Atualizado: 17 de dez. de 2021

Eu era interna, o rodízio dessa vez seria na U.T.I. de um hospital público no Piauí.

Primeiro momento, Mara.

Assim que cheguei, fiquei responsável por uma paciente chamada Mara. A Mara tinha 15 anos, estava internada já há alguns meses na U.T.I. por causa de um AVC sem etiologia definida. Já tinha feito vários exames cardíacos, cerebrais e continuava em coma, intubada, sem melhora do quadro, emagrecida e com uma escara enorme no quadril.

Segundo momento, Jorge.

Poucos dias depois da minha chegada no rodízio da U.T.I. deu entrada um paciente jovem, cerca de 20 anos, vítima de acidente automobilístico, com TCE grave, o Jorge.

Todos os dias o preceptor responsável do setor e do meu grupo fazia a “corrida de leito” e quando chegava no leito da Mara e do Jorge ele sempre balançava a cabeça negativamente e dizia que eram casos graves, que não tinham mais jeito e que estavam só esperando “chegar a hora”.

Eu não gostava de ver e ouvir aquilo. Incomodava eu ter que desistir dos meus pacientes.

Então, por não concordar, todos os dias eu ia examiná-los e, apesar de estarem em coma, de não terem nenhuma resposta, eu sempre avisava que eu era a doutora, falava meu nome, que ia examiná-los, que era “tal” hora, dia “tal” e que a família ainda iria visitar. Todos os dias.

Um dia cheguei no leito da Mara e o acesso venoso central estava desconectado, sangrando muito, chamei a enfermeira chefe para me ajudar e ela parou na frente da Mara e disse: “tadinha, não vai sair dessa não...” E eu briguei, como que fala isso na frente da paciente? Não tinha certeza se ela escutaria, mas se escutasse, o que o efeito dessa frase teria pra ela, intubada, incapaz? Se nem a medicina sabia a causa ou a cura?

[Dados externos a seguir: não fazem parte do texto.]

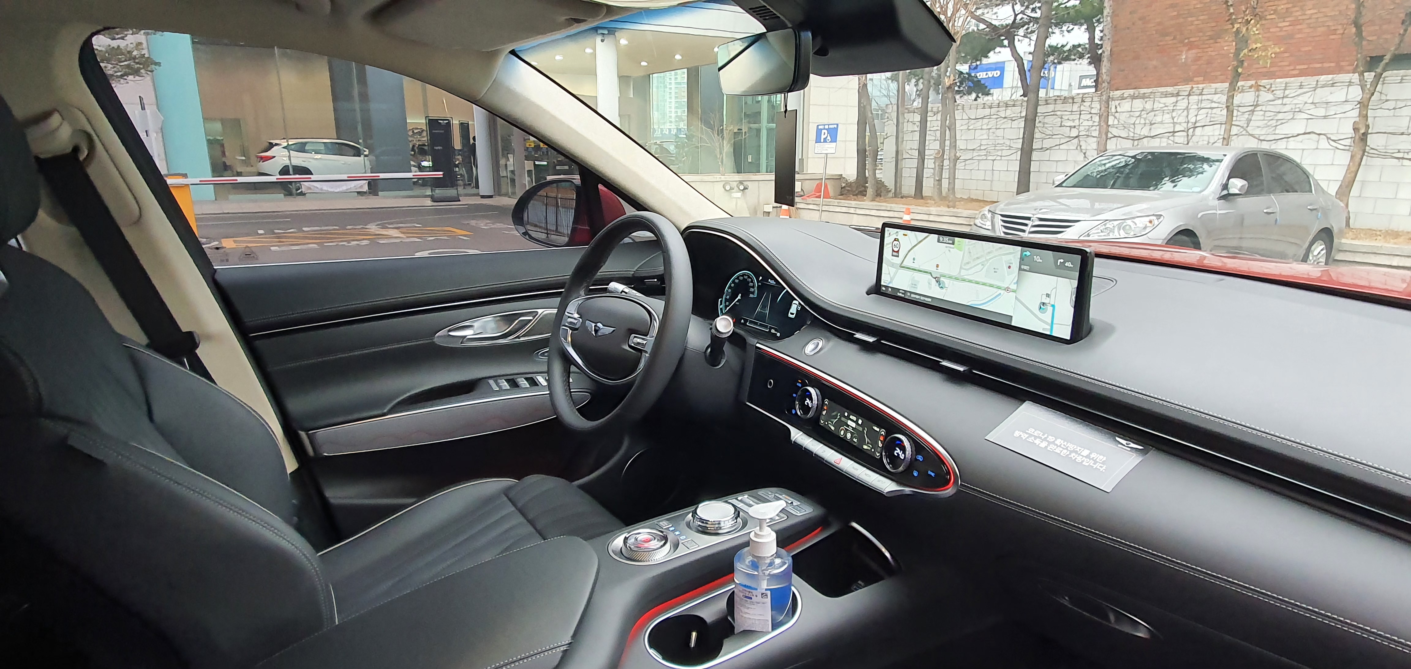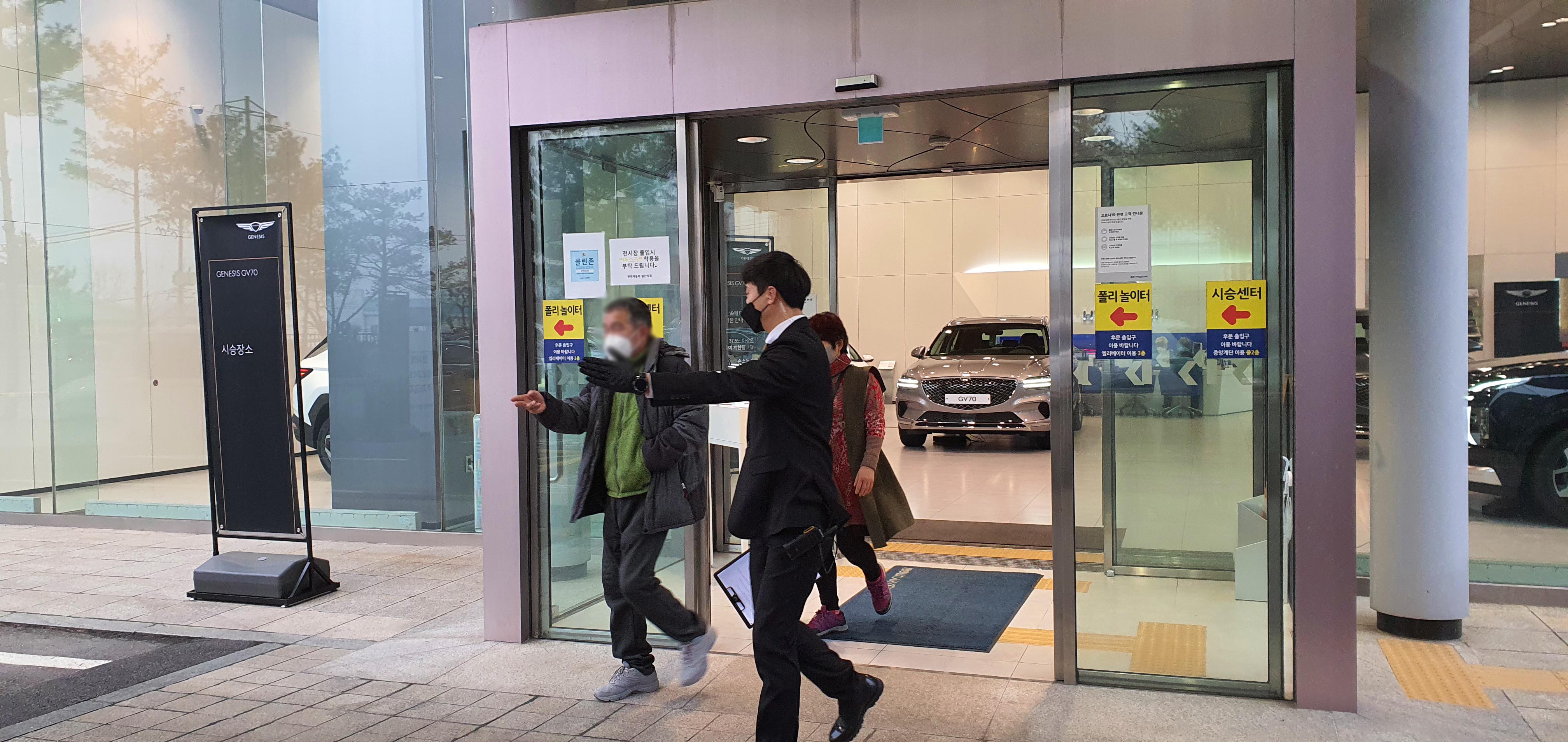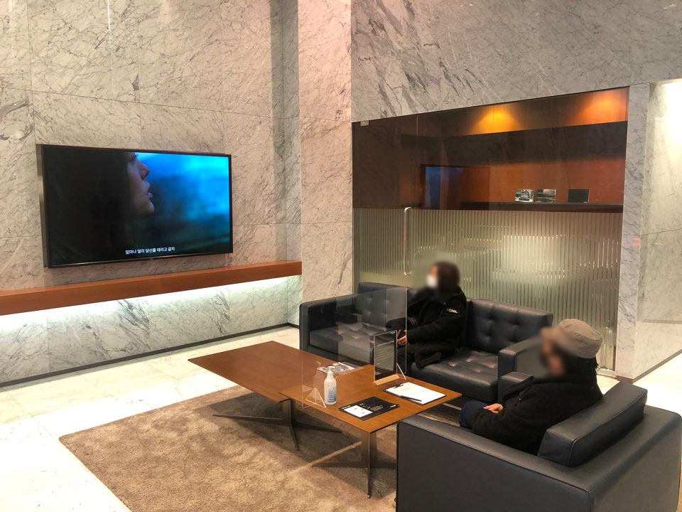 행사장 정문에 들어오기 전, 문진표를 작성하고 들어와서 열 측정기에 손바닥을 대고 열 측정 후, 이상이 없으면제네시스 프라이빗룸으로 안내합니다. 코로나 19 대응 단계 격상으로 인해 초청되신 고객분들의 우려를 감안하여 최대한의 안전 거리를 유지하고 프라이빗한 공간을 제공하고자 사용한 공간입니다!

A Mãe do Jorge sempre conversava comigo nas horas da visita. Eu falava do quadro grave e ela sempre dizia que tinha fé em Deus que ele iria melhorar. Já eu respondia: “tenha fé mesmo, porque Deus é maior que qualquer medicina.”

E eu pude comprovar com a Mara e o Jorge que Deus é sim maior.

A Mara e o Jorge tiveram alta da U.T.I. Eu pude visitar os dois na enfermaria. A Mara estava se recuperando do déficit neurológico e da escara e a mãe do Jorge me apresentou, como a doutora que cuidou dele.

Costumo dizer que a Mara e o Jorge são meus milagres na medicina. Gosto de contar sobre eles porque acredito que não devemos desistir dos pacientes que nos são confiados. Mesmo que no nosso íntimo tenhamos o aprendizado técnico-científico dizendo que acabou, devemos dar o nosso melhor, porque acredito que essa retribuição do cuidado, conforta o paciente, familiares e a nós mesmo.



Autoria: Gabrielle Rolim

Médica radiologista e professora de medicina.



Comentário do blog:


A medicina é uma profissão que exige extremo estudo na vida toda do profissional, principalmente porque ele lida com algo que é essencial ao viver: a Vida.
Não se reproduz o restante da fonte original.